- YOUR ASSIGNMENT -
Please restate word for word the lines of the entries below from the one with "2026년 최저임금 개정안을" to the one with "Holding things back", inclusive, and leave out every picture.

- Saved data entries -

▬▬▬▬▬▬

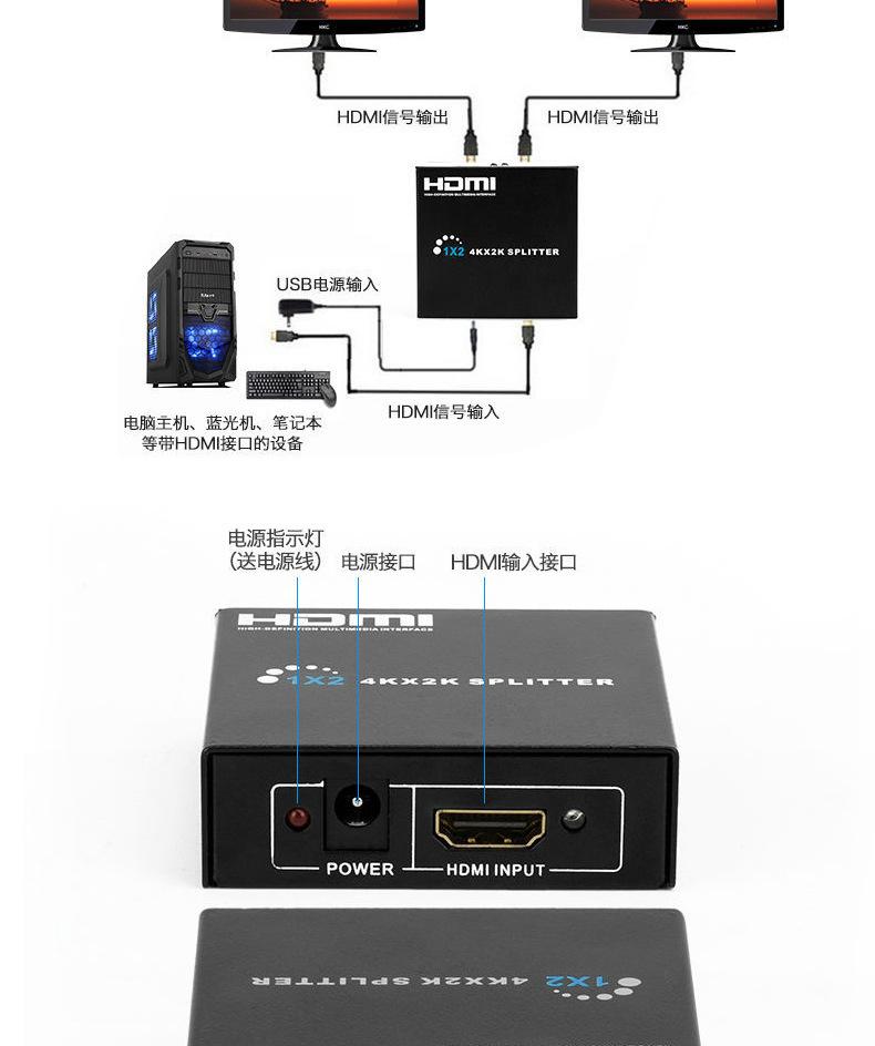 Distribuidor HDMI uno a dos divisor de pantalla HDMI HD 1 a 2 uno de entrada dos de salida divisor HDM 4K
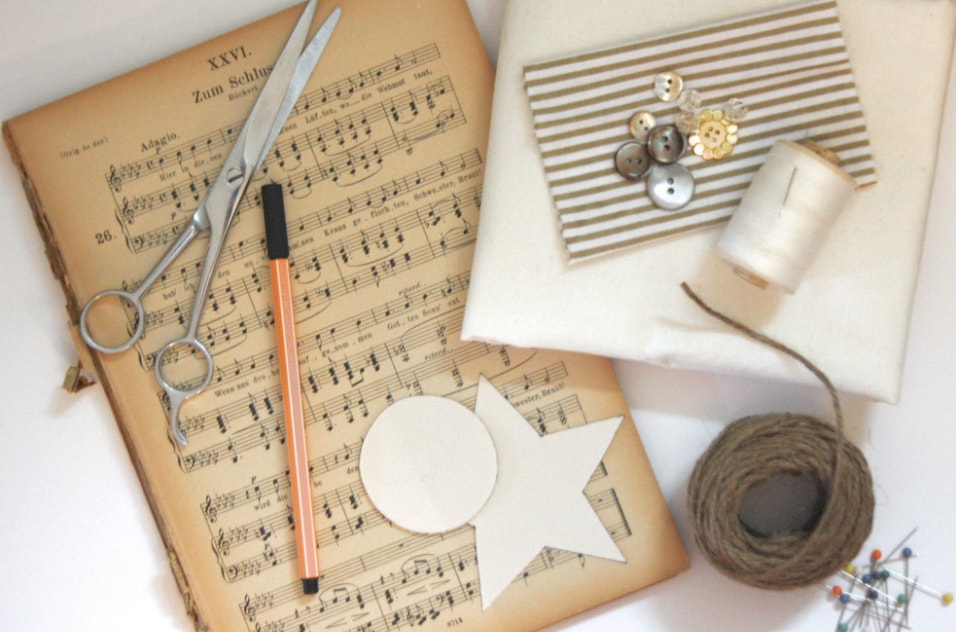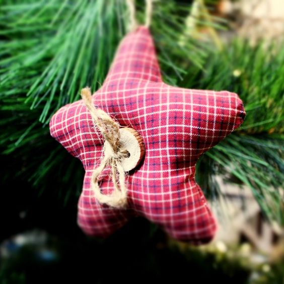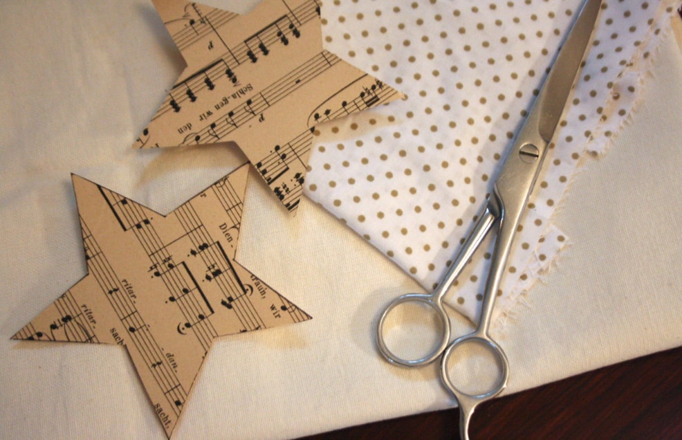 Прикладаємо до тканини трафарет і малюємо зірку, на сантиметр або півтора більше з кожної сторони. Акуратно вирізаємо заготовку. Враховуйте, що для однієї іграшки знадобиться дві заготовки з тканини і дві з паперу.
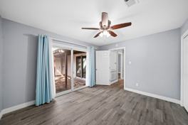 Beautifully appointed with large living area and open kitchen. Large primary bedroom, inside utility room and large garage. Stone accented fireplace, French doors, overlooks the tennis courts. Wood-look tile throughout, ceiling fans, stone patio with covered area.
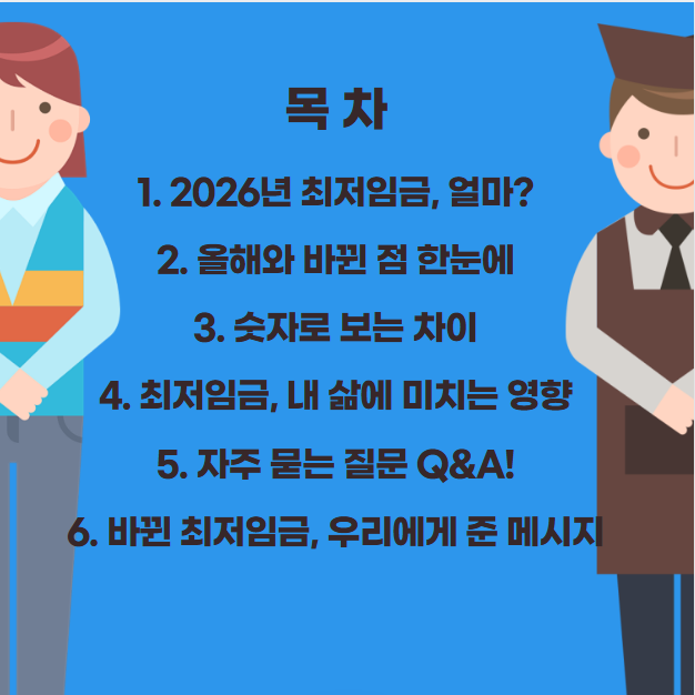 2026년 최저임금 개정안을 ‘2025년 기준’과 꼼꼼하게 비교해 보고,일상에 미치는 영향을 단번에 파악할 수 있도록 알려드릴게요.
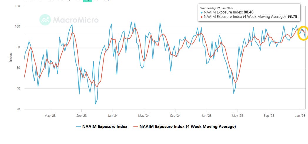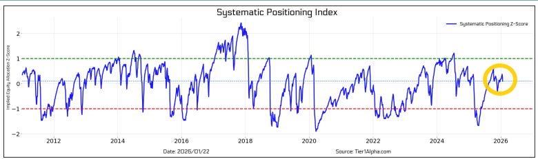 Holding things back at the big-cap index level has been the weakness in the heavyweights (Mag-7 is flat not only for the year but since Sept 22nd) along with selling from systematic strategies last week with the increased volatility. But nevertheless, the index remains in its upwards channel since June, supported by previous Fed rate cuts (and a very high bar for hikes), solid if not spectacular earnings (even if they’re not being rewarded as they historically have for a third consecutive quarter), a solid economy that is showing tentative signs of reaccelerating (see Economy section), a continued strong retail bid with hedge funds also now participating, systematic strategies that have maintained high levels of exposure even if trimming at the margins, and buybacks reaccelerating to record levels (even if just average on a % of market cap basis). Seasonality is also favorable in January and sentiment while positive is not frothy (the “sweet spot”), while valuations, while high, are off their most extreme levels.
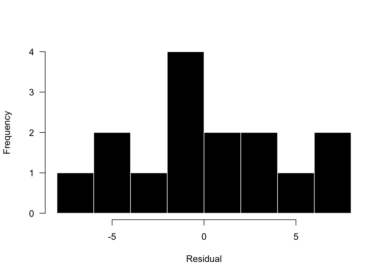 Based on this plot, the residuals look OK. This data set is quite small (n=15), so it would be hard to get a nice symmetric shape, but we see most residuals centered around 0 and the magnitude of positive and negative residuals is about the same. Again, these plots don’t need to look pretty, they just need to not show some bias in the model fitting.
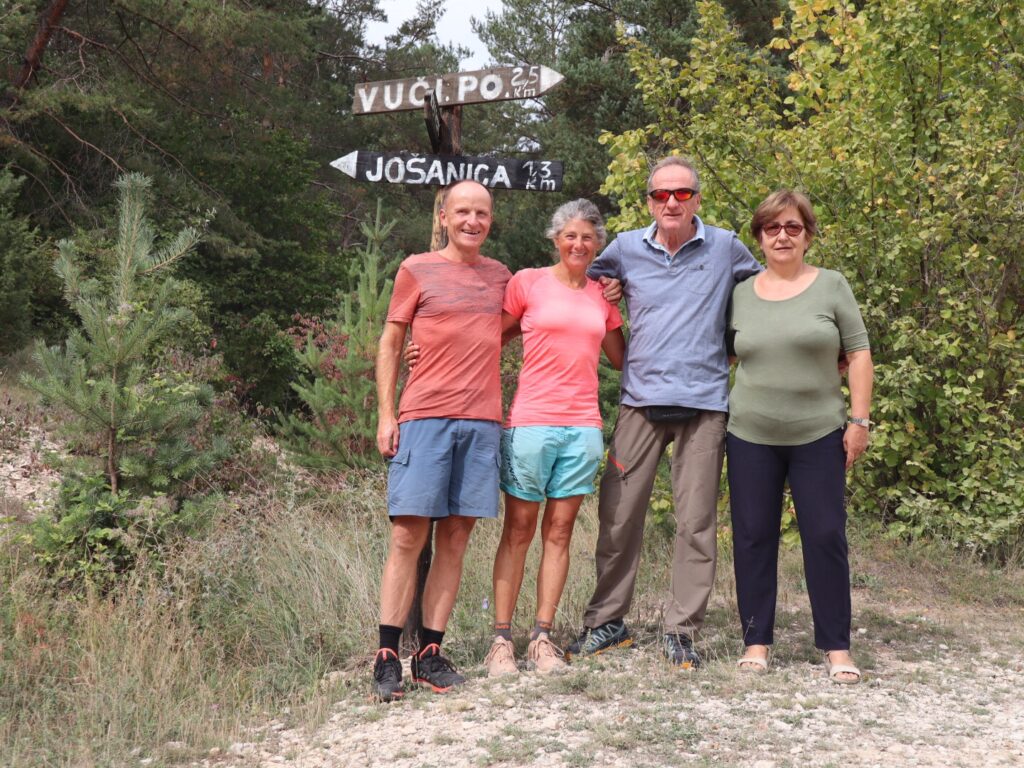 Wir treffen uns am Vormittag nochmals zum Kaffee mit Stipe, so dass wir Vesna auch noch sehen. Nach dem gemeinsamen Einkauf mit sehr unterschiedlichen Artikeln fahren sie uns nach Ostrozac, dem Ausgangspunkt für die Überschreitung des Tušnica Vitrenik. Richtig Luxus, nur die schönen Abschnitte wandern zu ‚müssen‘ und dazwischen mit Privatfahrer chauffiert zu werden! Aber damit ist nun wohl wieder Schluss.
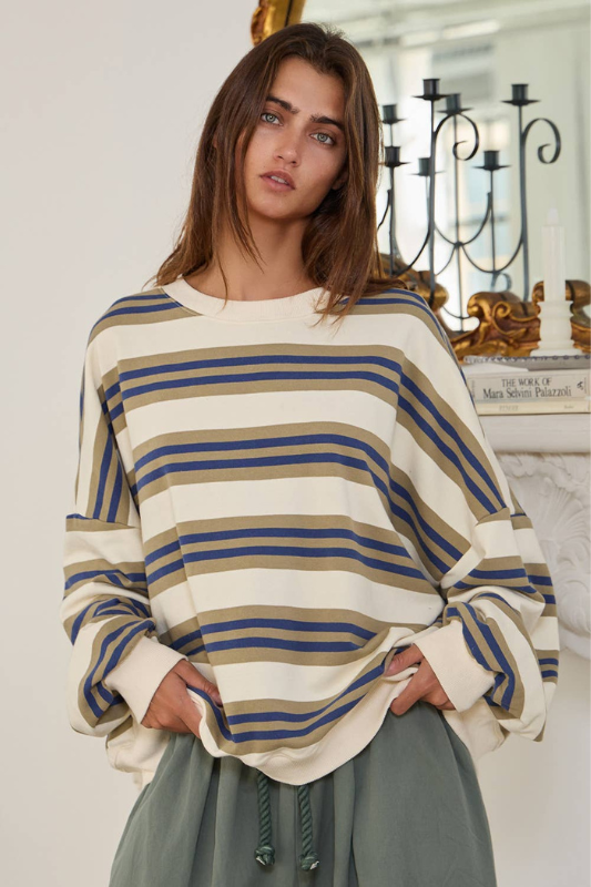 Striped Terry Oversized Sweatshirt Top - Crewneck - Slouchy shoulder - Long puff sleeves - Boxy fit! Super lightweight and easy to layer.
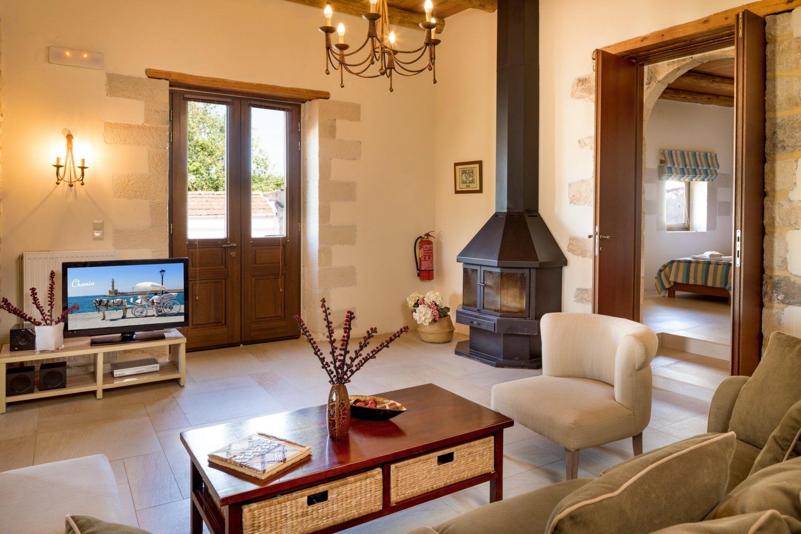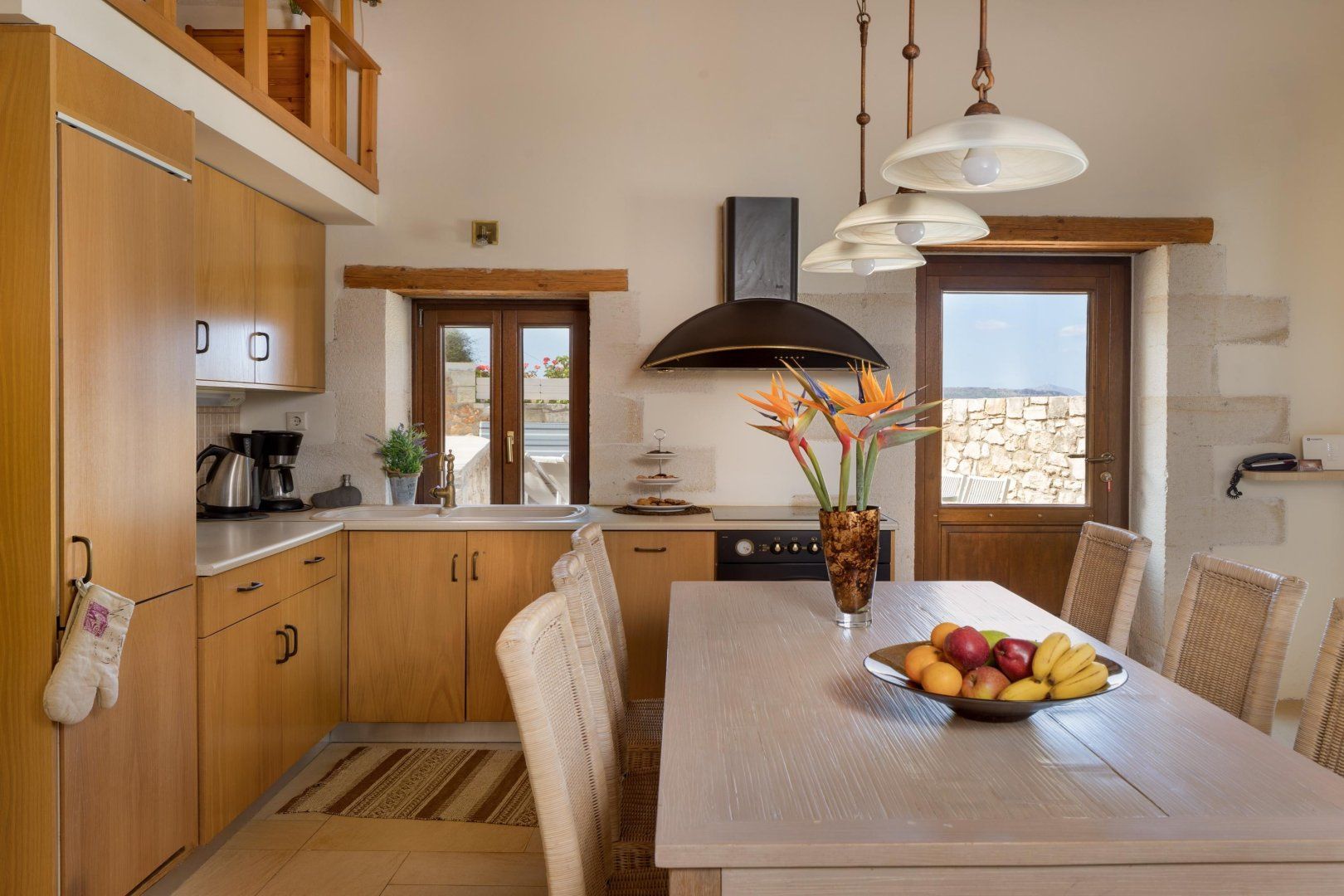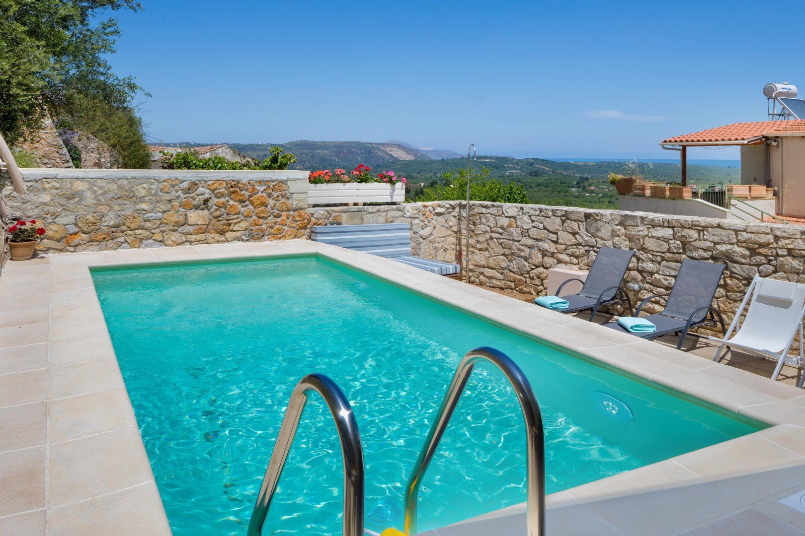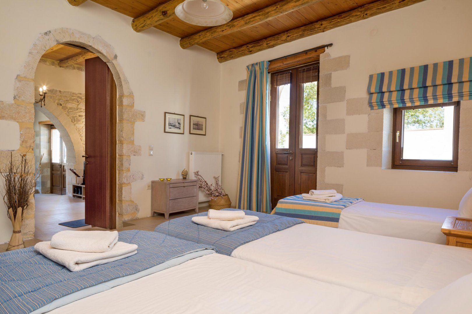 The villa mixes exposed stone walls, spectacular archways and stunning timber ceilings so typical of Cretan construction, with a well-equipped kitchen, beautiful bathrooms and a gorgeous outdoor pool. It's a clever combination of traditional construction (to fit in with neighbouring buildings) and modern convenience that creates a desirable package. A rooftop terrace with far-reaching views over the surrounding landscapes towards the Bay of Souda is just the cherry on top.

▬▬▬▬▬▬

- ANSWER TO THIS PROBLEM -
 2026년 최저임금 개정안을 ‘2025년 기준’과 꼼꼼하게 비교해 보고,일상에 미치는 영향을 단번에 파악할 수 있도록 알려드릴게요.
 Holding things back at the big-cap index level has been the weakness in the heavyweights (Mag-7 is flat not only for the year but since Sept 22nd) along with selling from systematic strategies last week with the increased volatility. But nevertheless, the index remains in its upwards channel since June, supported by previous Fed rate cuts (and a very high bar for hikes), solid if not spectacular earnings (even if they’re not being rewarded as they historically have for a third consecutive quarter), a solid economy that is showing tentative signs of reaccelerating (see Economy section), a continued strong retail bid with hedge funds also now participating, systematic strategies that have maintained high levels of exposure even if trimming at the margins, and buybacks reaccelerating to record levels (even if just average on a % of market cap basis). Seasonality is also favorable in January and sentiment while positive is not frothy (the “sweet spot”), while valuations, while high, are off their most extreme levels.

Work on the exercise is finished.